И почти преуспел. Лед начал таять. Все решили еще повеселиться на прощание. Я довел до середины один из моих самых забавных устных рассказов, когда раздался отдаленный скрежет отодвигаемого стула. Прекрасно, подумал я, наконец-то он собрался уходить. Но еще через мгновение, когда я уже нагнетал последнее crescendo, Джилиан закричала. Сначала это был просто вопль, потом хлынули слезы. Вид у нее был такой, будто ей явилось привидение, глаза устремлены поверх установленного мною экрана. На что она смотрела? Виден был только крапчатый потолок. Слезы ее лились, словно пульсирующая кровь, хлещущая из разрезанной артерии.
Дослушать мой анекдот до конца не захотел никто.

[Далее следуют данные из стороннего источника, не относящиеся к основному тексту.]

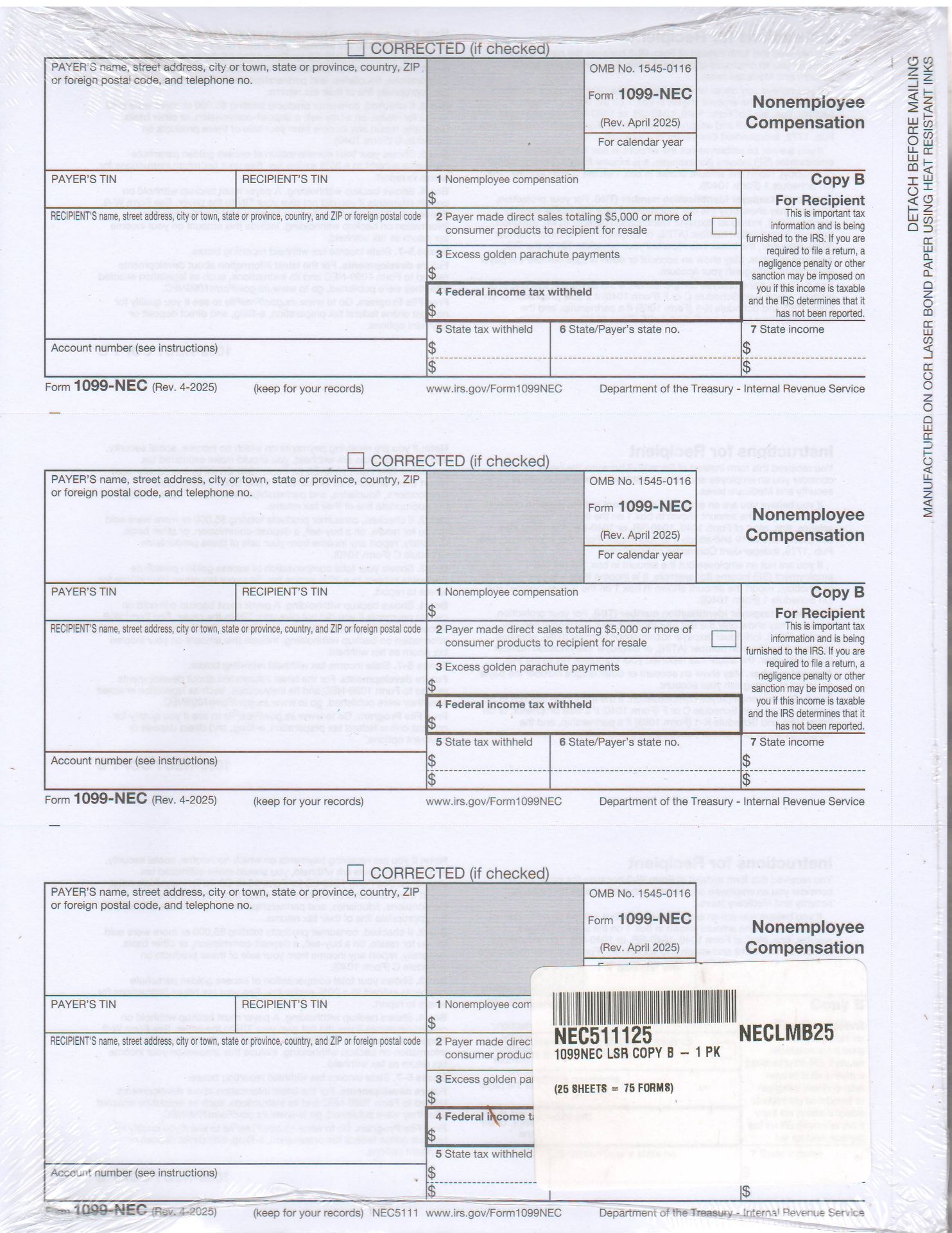NEC5111 | 1099-NEC Recipient Copy B 3-Up Format
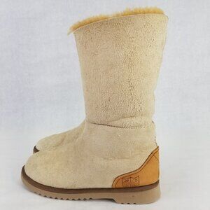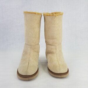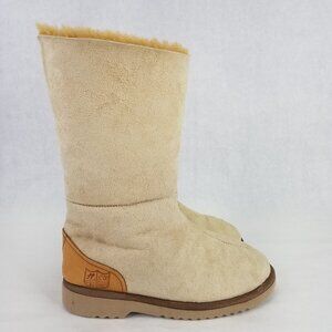 H.E.R. Australia Tall Boot Women 7-8 Beige Suede Shearling Lined Leather Slipper
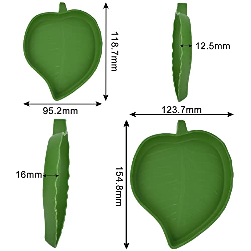 Small & Large Combination: 2 sizes of the leaf reptile food water bowls, the smaller measures 4.72 x 3.74 x 0.47 inch/ 12 x 9.5 x 1.2 cm, and the larger is 6.06 x 4.88 x 0.59 inch/ 15.4 x 12.4 x 1.5 cm.
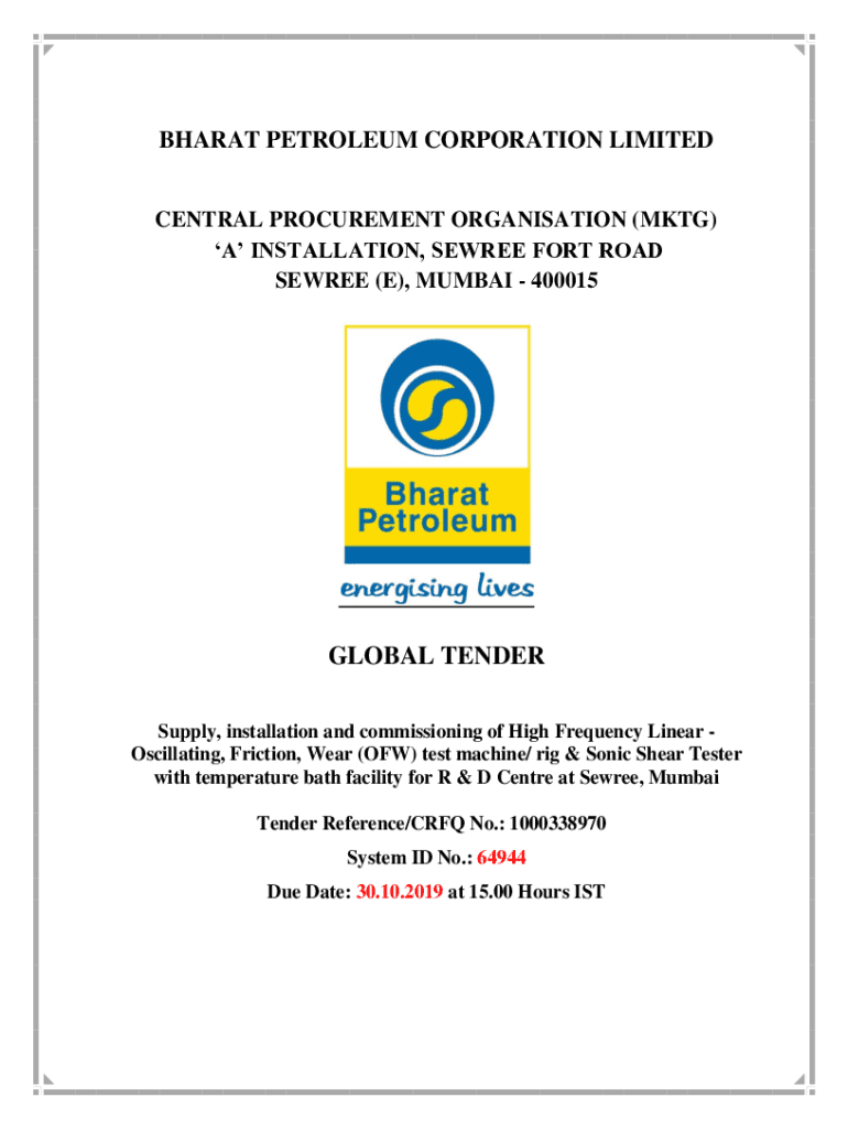 BHARAT PETROLEUM CORPORATION LIMITED CENTRAL PROCUREMENT Organization (MKT) A INSTALLATION, DEGREE FORT ROAD DEGREE (E), MUMBAI 400015GLOBAL TENDER Supply, installation and commissioning of High Frequency

ДЖИЛИАН: Шут. Клоунская маска. Тыквенная рожа…
15. Выметаем осколки
СТЮАРТ: Я уезжаю. Такова моя участь. Тут мне нечего делать
Три вещи для меня невыносимы.
Во-первых, сознание того, что мой брак распался. Нет, говорить, так уж честно: это я сплоховал. Я теперь стал замечать, что говорят в таких случаях люди, «Брак рухнул, – говорят они, – Брак распался». Выходит что же, это брак сплоховал? Но я так решил: брака как такового не существует, есть только она и ты. И вина либо ее, либо твоя. И хотя сначала я считал, что виновата она, теперь мое мнение, что ответственность на мне. Я оплошал, я подвел ее. Подвел самого себя. Я не дал ей такого счастья, чтобы она не могла от меня уйти. В этом и состоит моя вина. Я провалился, и мне стыдно. В сравнении с этим мне совершенно наплевать, если кто, может быть, думает, что я несостоятелен как мужчина.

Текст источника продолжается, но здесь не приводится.